→ **GIVEN RECORDS**:
------------------------

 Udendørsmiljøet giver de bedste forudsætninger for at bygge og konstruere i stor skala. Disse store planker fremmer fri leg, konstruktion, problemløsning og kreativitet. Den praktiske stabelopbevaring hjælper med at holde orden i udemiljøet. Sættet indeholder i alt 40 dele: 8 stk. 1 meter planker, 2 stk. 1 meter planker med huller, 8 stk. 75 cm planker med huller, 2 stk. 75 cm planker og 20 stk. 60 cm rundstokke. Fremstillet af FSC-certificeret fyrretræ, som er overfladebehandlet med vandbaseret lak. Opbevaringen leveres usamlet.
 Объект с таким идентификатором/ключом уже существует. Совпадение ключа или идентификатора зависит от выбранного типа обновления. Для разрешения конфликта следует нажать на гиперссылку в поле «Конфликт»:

------------------------

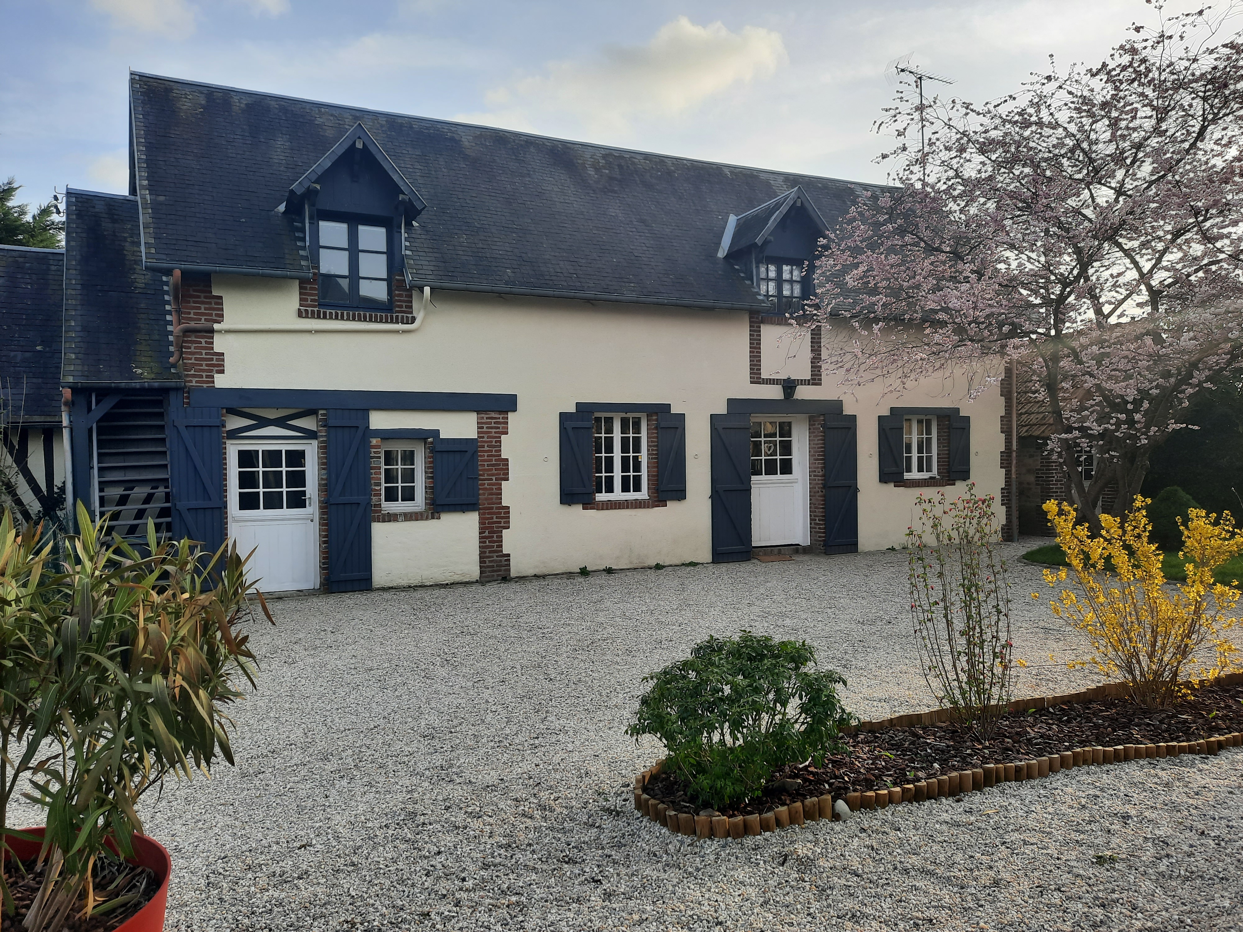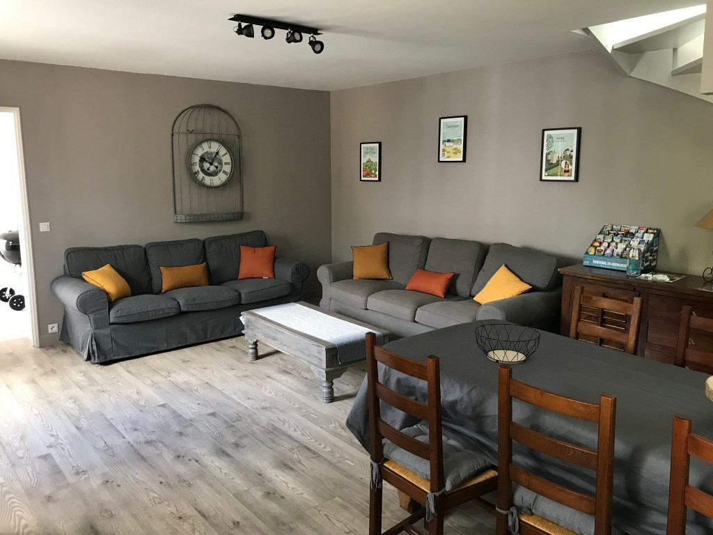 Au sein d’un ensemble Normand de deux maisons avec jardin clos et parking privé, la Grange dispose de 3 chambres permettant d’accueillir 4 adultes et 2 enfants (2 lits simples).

------------------------

→ **ABOUT THIS TASK**:
In the data above, find the line that contains "Udendørsmiljøet giver de" and the line that contains "Объект с таким". Repeat exactly those lines and every line between them, and only those.

→ **SOLUTION**:
 Udendørsmiljøet giver de bedste forudsætninger for at bygge og konstruere i stor skala. Disse store planker fremmer fri leg, konstruktion, problemløsning og kreativitet. Den praktiske stabelopbevaring hjælper med at holde orden i udemiljøet. Sættet indeholder i alt 40 dele: 8 stk. 1 meter planker, 2 stk. 1 meter planker med huller, 8 stk. 75 cm planker med huller, 2 stk. 75 cm planker og 20 stk. 60 cm rundstokke. Fremstillet af FSC-certificeret fyrretræ, som er overfladebehandlet med vandbaseret lak. Opbevaringen leveres usamlet.
 Объект с таким идентификатором/ключом уже существует. Совпадение ключа или идентификатора зависит от выбранного типа обновления. Для разрешения конфликта следует нажать на гиперссылку в поле «Конфликт»:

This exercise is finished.